■ Given data:
===

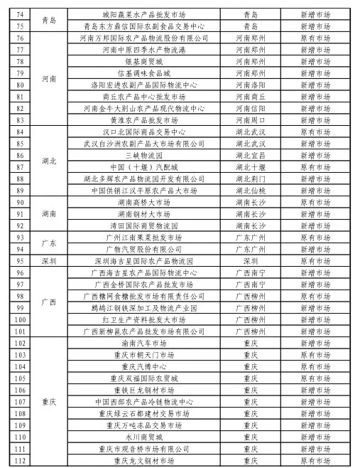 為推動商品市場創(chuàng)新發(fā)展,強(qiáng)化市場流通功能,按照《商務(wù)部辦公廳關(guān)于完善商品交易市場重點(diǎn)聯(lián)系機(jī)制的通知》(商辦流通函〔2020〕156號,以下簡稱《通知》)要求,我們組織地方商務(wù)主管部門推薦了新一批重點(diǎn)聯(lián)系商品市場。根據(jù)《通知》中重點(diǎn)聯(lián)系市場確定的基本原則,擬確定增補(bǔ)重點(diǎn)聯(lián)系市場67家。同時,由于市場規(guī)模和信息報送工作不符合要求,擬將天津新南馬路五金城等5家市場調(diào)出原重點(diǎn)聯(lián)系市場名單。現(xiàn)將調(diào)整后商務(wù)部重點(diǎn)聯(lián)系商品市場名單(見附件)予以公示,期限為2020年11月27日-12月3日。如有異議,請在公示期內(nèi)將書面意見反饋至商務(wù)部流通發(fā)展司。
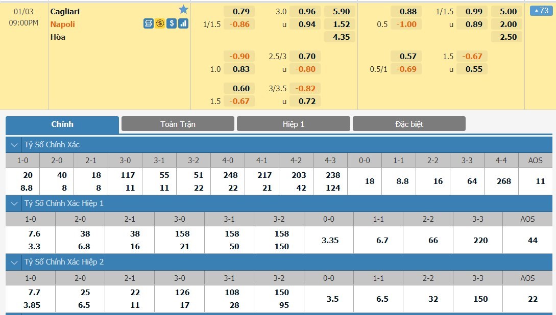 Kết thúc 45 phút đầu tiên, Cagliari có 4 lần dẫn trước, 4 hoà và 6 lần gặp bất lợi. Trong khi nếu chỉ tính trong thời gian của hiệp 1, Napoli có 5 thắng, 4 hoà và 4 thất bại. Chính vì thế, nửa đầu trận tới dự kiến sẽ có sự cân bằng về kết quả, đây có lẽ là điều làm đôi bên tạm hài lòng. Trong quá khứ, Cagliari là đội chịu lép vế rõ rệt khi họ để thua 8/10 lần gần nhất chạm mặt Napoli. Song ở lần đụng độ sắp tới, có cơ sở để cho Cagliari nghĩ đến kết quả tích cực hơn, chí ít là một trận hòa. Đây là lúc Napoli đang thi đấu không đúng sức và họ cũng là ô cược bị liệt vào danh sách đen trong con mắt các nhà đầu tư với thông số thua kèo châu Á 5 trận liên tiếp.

===

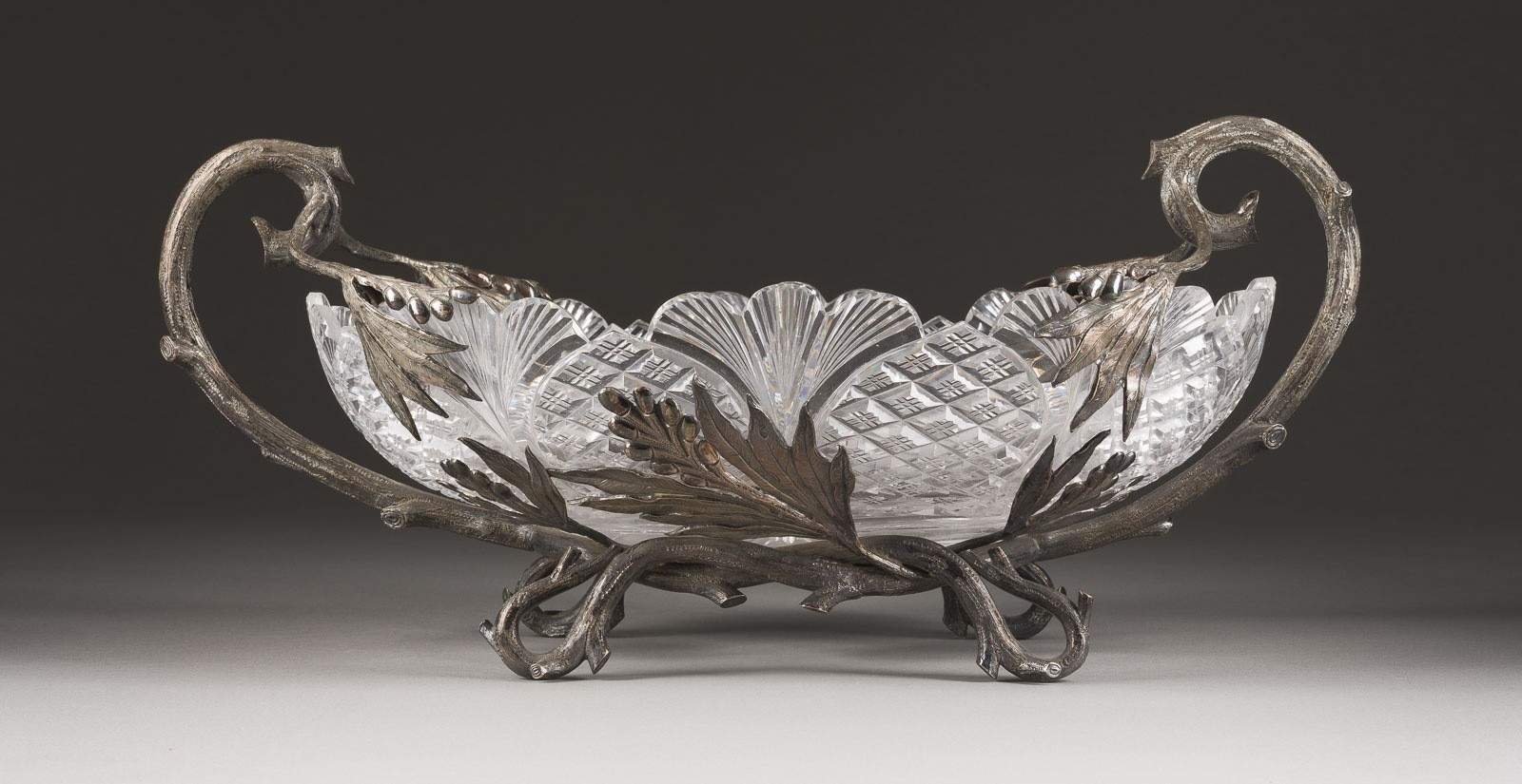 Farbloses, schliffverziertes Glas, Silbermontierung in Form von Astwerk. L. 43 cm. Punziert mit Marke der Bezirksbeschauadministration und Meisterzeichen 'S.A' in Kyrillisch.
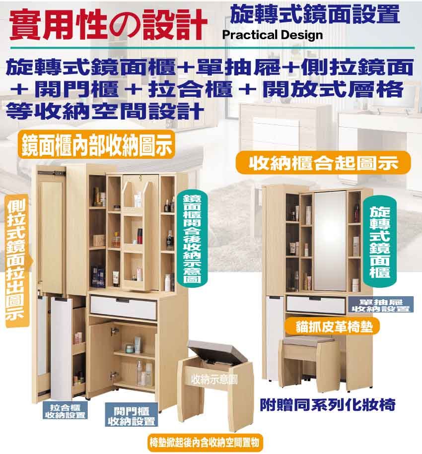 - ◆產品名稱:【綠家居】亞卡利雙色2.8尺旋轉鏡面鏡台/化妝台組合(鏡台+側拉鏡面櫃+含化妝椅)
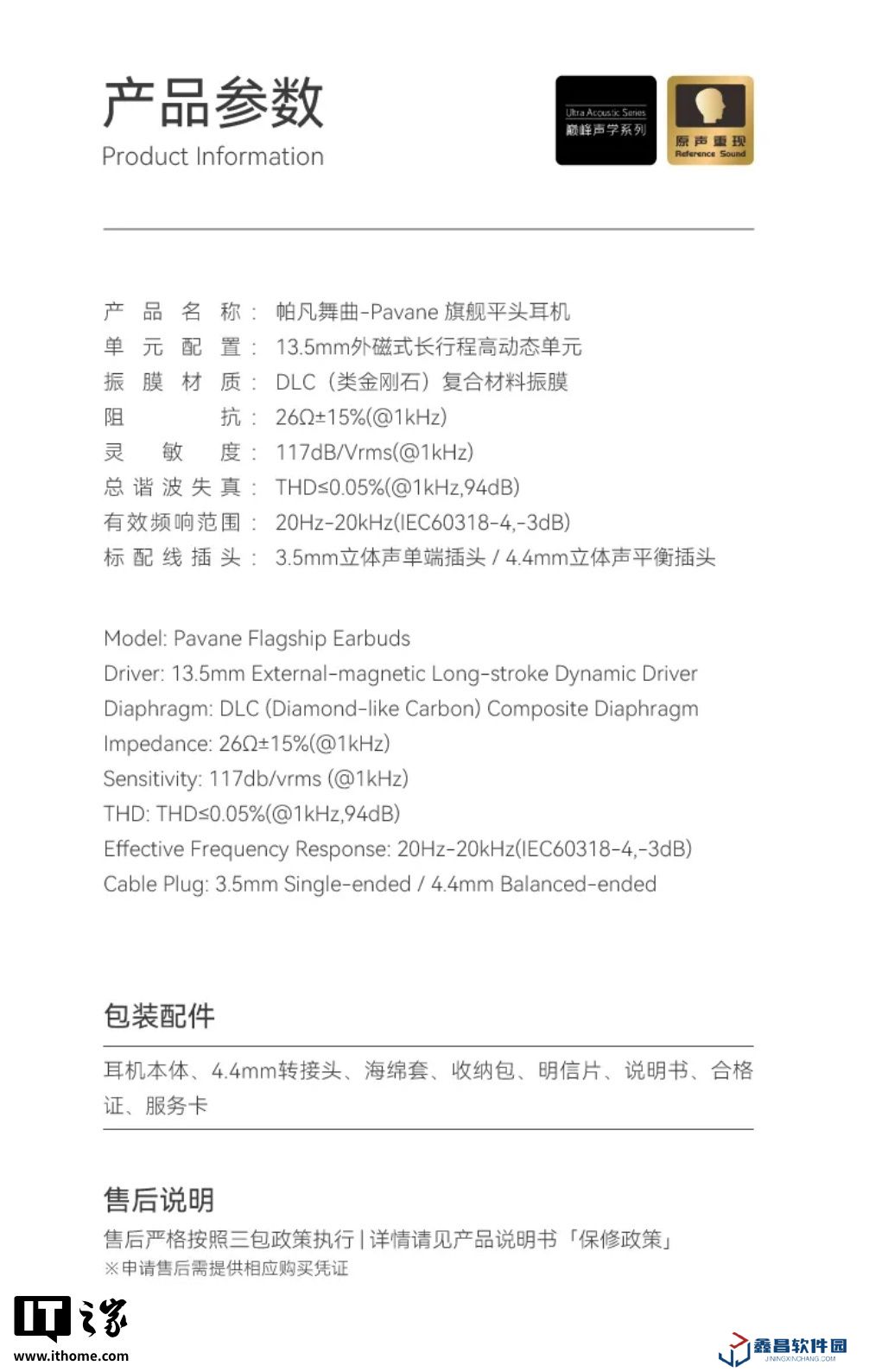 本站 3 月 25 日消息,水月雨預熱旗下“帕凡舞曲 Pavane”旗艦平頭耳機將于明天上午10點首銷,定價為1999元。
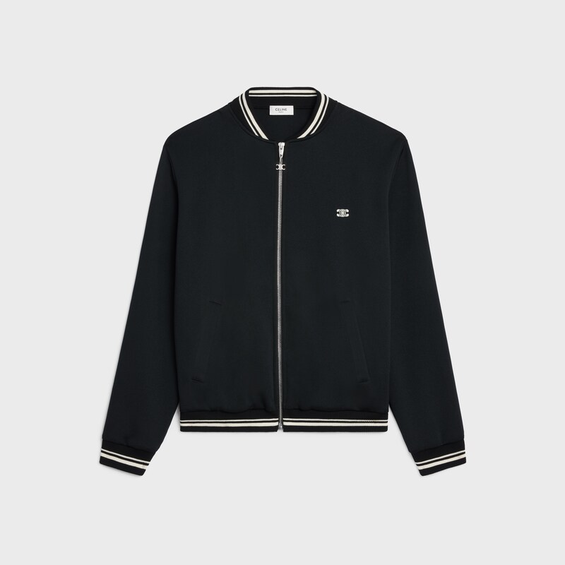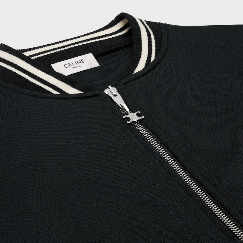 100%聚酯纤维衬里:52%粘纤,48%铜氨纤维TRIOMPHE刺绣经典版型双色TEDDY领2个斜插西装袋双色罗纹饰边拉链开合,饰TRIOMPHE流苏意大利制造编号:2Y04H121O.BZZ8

===

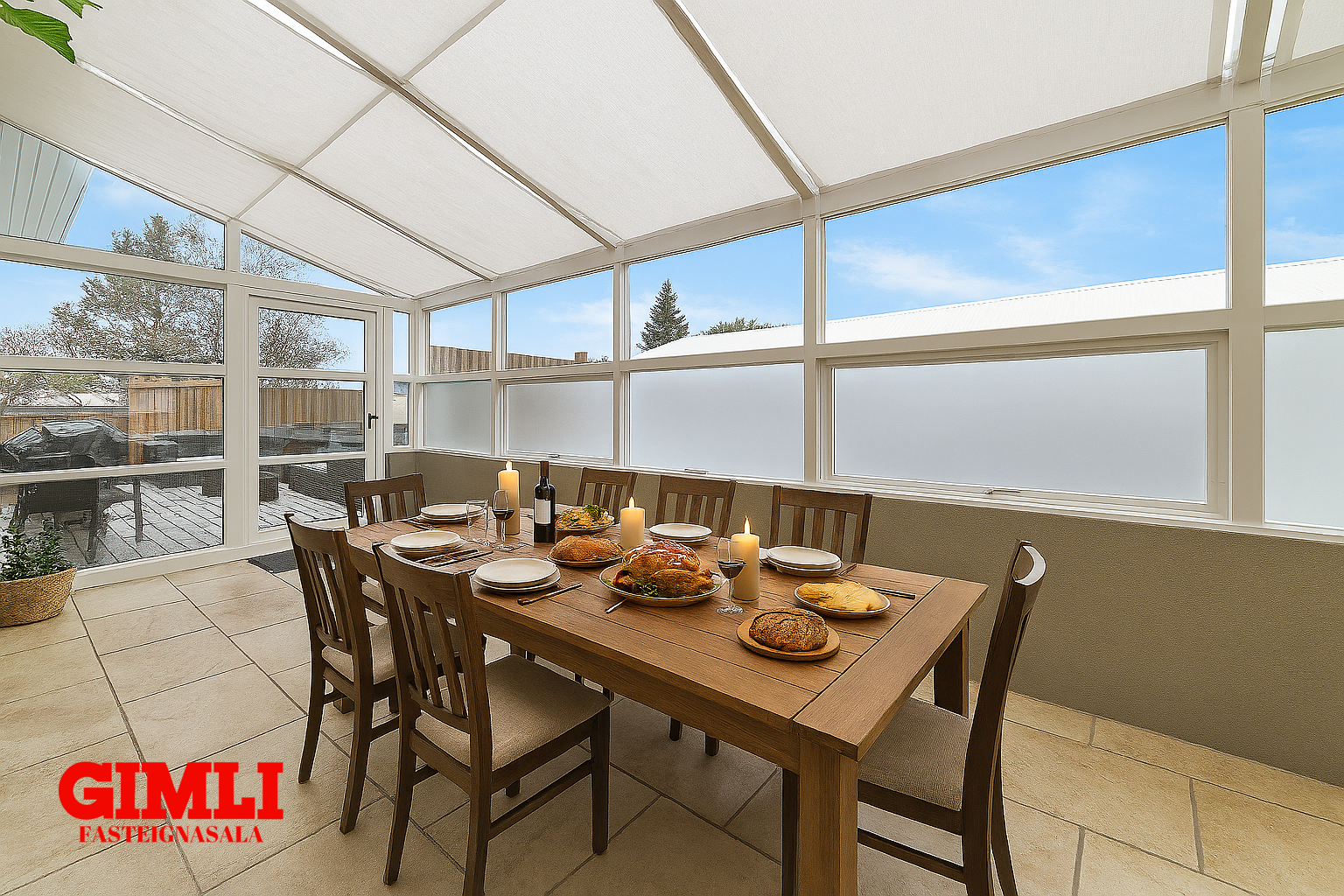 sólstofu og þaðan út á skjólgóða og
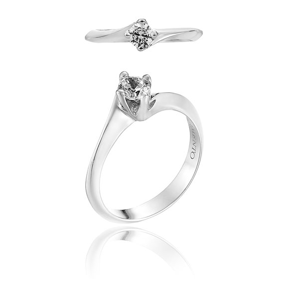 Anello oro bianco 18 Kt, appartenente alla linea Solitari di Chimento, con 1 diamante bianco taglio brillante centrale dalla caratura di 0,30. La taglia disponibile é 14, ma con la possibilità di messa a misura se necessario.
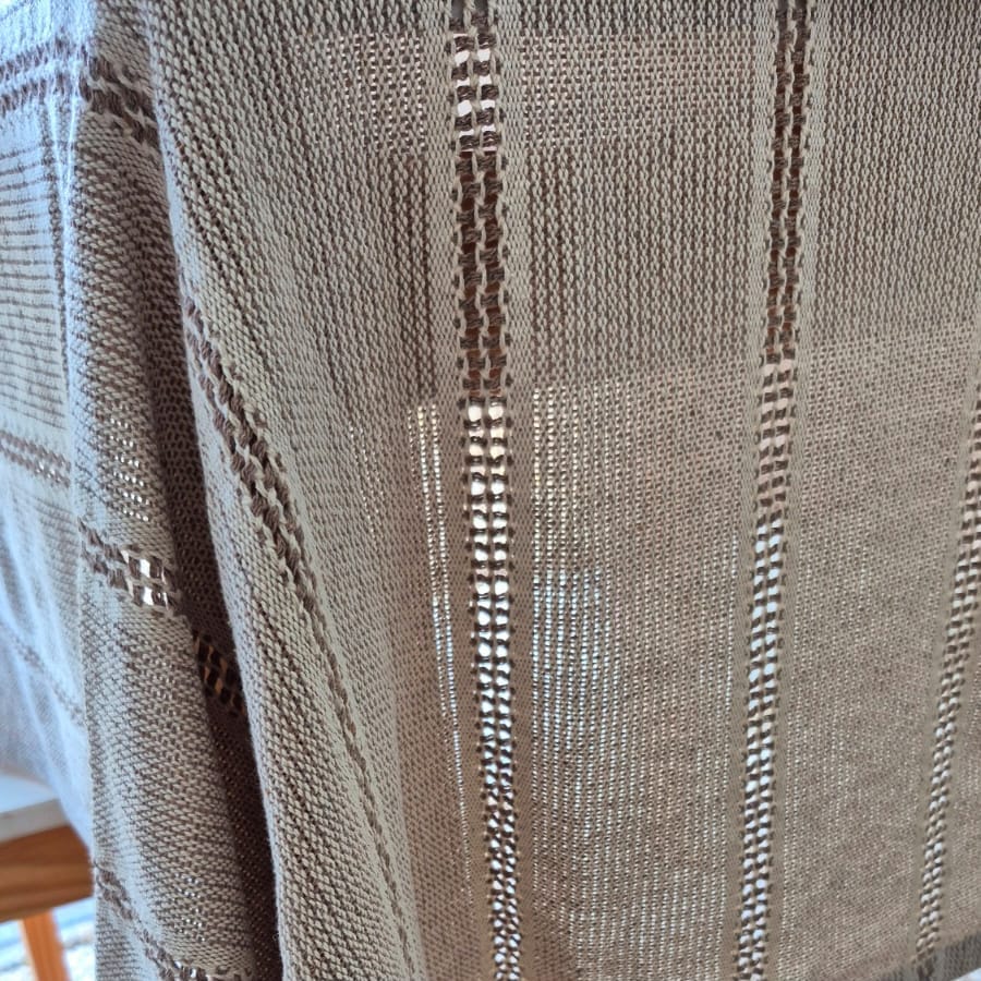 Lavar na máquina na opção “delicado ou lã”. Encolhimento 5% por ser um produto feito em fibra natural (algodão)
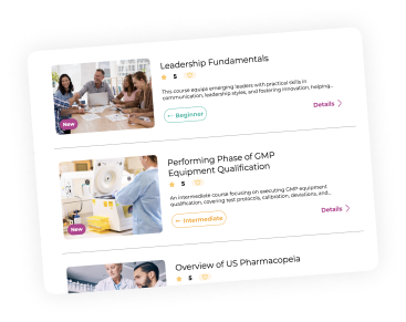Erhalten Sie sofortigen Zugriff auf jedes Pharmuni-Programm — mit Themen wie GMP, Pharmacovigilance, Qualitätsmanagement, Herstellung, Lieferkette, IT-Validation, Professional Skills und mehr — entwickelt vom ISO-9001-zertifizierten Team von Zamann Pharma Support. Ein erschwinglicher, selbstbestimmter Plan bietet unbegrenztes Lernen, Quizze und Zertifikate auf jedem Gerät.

===

■ Problem requirements: Beginning at the line above that contains "Anello oro bianco" and going on through the line that contains "Erhalten Sie sofortigen", please copy every line exactly, leaving the pictures out and adding nothing.

■ Task output:
 Anello oro bianco 18 Kt, appartenente alla linea Solitari di Chimento, con 1 diamante bianco taglio brillante centrale dalla caratura di 0,30. La taglia disponibile é 14, ma con la possibilità di messa a misura se necessario.
 Lavar na máquina na opção “delicado ou lã”. Encolhimento 5% por ser um produto feito em fibra natural (algodão)
Erhalten Sie sofortigen Zugriff auf jedes Pharmuni-Programm — mit Themen wie GMP, Pharmacovigilance, Qualitätsmanagement, Herstellung, Lieferkette, IT-Validation, Professional Skills und mehr — entwickelt vom ISO-9001-zertifizierten Team von Zamann Pharma Support. Ein erschwinglicher, selbstbestimmter Plan bietet unbegrenztes Lernen, Quizze und Zertifikate auf jedem Gerät.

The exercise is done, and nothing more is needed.